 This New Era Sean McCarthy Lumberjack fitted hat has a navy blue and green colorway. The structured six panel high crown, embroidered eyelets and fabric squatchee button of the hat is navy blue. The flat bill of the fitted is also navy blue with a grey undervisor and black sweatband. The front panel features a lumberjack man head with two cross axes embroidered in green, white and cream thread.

* * *

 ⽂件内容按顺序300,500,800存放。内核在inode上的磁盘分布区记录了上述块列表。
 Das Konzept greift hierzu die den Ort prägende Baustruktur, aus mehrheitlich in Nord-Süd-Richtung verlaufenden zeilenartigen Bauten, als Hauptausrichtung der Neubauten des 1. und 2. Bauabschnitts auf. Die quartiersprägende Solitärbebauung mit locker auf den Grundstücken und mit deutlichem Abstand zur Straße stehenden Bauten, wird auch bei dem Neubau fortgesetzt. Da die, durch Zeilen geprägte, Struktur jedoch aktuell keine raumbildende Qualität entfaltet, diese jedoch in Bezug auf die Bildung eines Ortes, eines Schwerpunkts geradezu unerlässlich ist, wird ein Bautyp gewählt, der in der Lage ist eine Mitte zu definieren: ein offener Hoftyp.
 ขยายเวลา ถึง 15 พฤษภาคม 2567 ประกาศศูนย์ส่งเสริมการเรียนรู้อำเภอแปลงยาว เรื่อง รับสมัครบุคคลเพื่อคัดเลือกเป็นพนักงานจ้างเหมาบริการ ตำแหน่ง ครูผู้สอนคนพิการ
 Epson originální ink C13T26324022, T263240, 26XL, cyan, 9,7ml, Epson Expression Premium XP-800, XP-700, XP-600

--

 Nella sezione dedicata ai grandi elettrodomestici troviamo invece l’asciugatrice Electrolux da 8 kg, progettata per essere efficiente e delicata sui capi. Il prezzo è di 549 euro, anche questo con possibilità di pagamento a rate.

- Work order -
Only the lines above starting with the one with "ขยายเวลา ถึง 15" and going through the one with "Epson originální ink" are to be copied, word for word and with both ends kept.

- Result of the exercise -
 ขยายเวลา ถึง 15 พฤษภาคม 2567 ประกาศศูนย์ส่งเสริมการเรียนรู้อำเภอแปลงยาว เรื่อง รับสมัครบุคคลเพื่อคัดเลือกเป็นพนักงานจ้างเหมาบริการ ตำแหน่ง ครูผู้สอนคนพิการ
 Epson originální ink C13T26324022, T263240, 26XL, cyan, 9,7ml, Epson Expression Premium XP-800, XP-700, XP-600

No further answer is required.